For microvessel isolation, all procedures were carried out at 4°C, as described previously (Yousif et al, 2007). Briefly, freshly dissected cortical tissue, obtained from P21 rats, was homogenized and centrifuged at 1,000 × g for 10 mins. The collected pellet was suspended in 17.5% dextran, followed by centrifugation at 4,400 × g for 15 mins. The subsequent pellet was suspended in 1% bovine serum albumin, passed through 100- and 20-μm Nylon meshes, resulting in pure microvessel samples.

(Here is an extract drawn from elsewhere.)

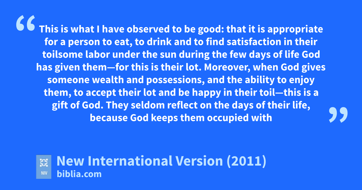 18 This is what I have observed to be good: that it is appropriate for a person to eat, to drinkc and to find satisfaction in their toilsome labord under the sun during the few days of life God has given them—for this is their lot. 19 Moreover, when God gives someone wealth and possessions,e and the ability to enjoy them,f to accept their lotg and be happy in their toil—this is a gift of God.h 20 They seldom reflect on the days of their life, because God keeps them occupied with gladness of heart.i

Immunohistochemistry and Immunofluorescence

Immunostaining was performed according to previously published studies (Zhang et al, 2009). The following primary antibodies and final concentrations were used: mouse anti-RECA (1:300, AbD Serotec, Düsseldorf, Germany), rabbit anti-thyroid hormone receptor-α1 (TR-α1), mouse anti-TR-β1 (TR-β1), and goat anti-TR-β2 (TR-β2) (all 1:500, Santa Cruz Biotechnology, Heidelberg, Germany). For immunoperoxidase detection, donkey anti-mouse IgG (1:1,000, Jackson Immuno Research, West Grove, PA, USA) was used. For fluorescence detection, the following secondary antibodies were used: donkey anti-rabbit IgG Alexa-555, donkey anti-mouse IgG Alexa-555, and donkey anti-goat Alexa-555 (all 1:1,000, Jackson Immuno Research).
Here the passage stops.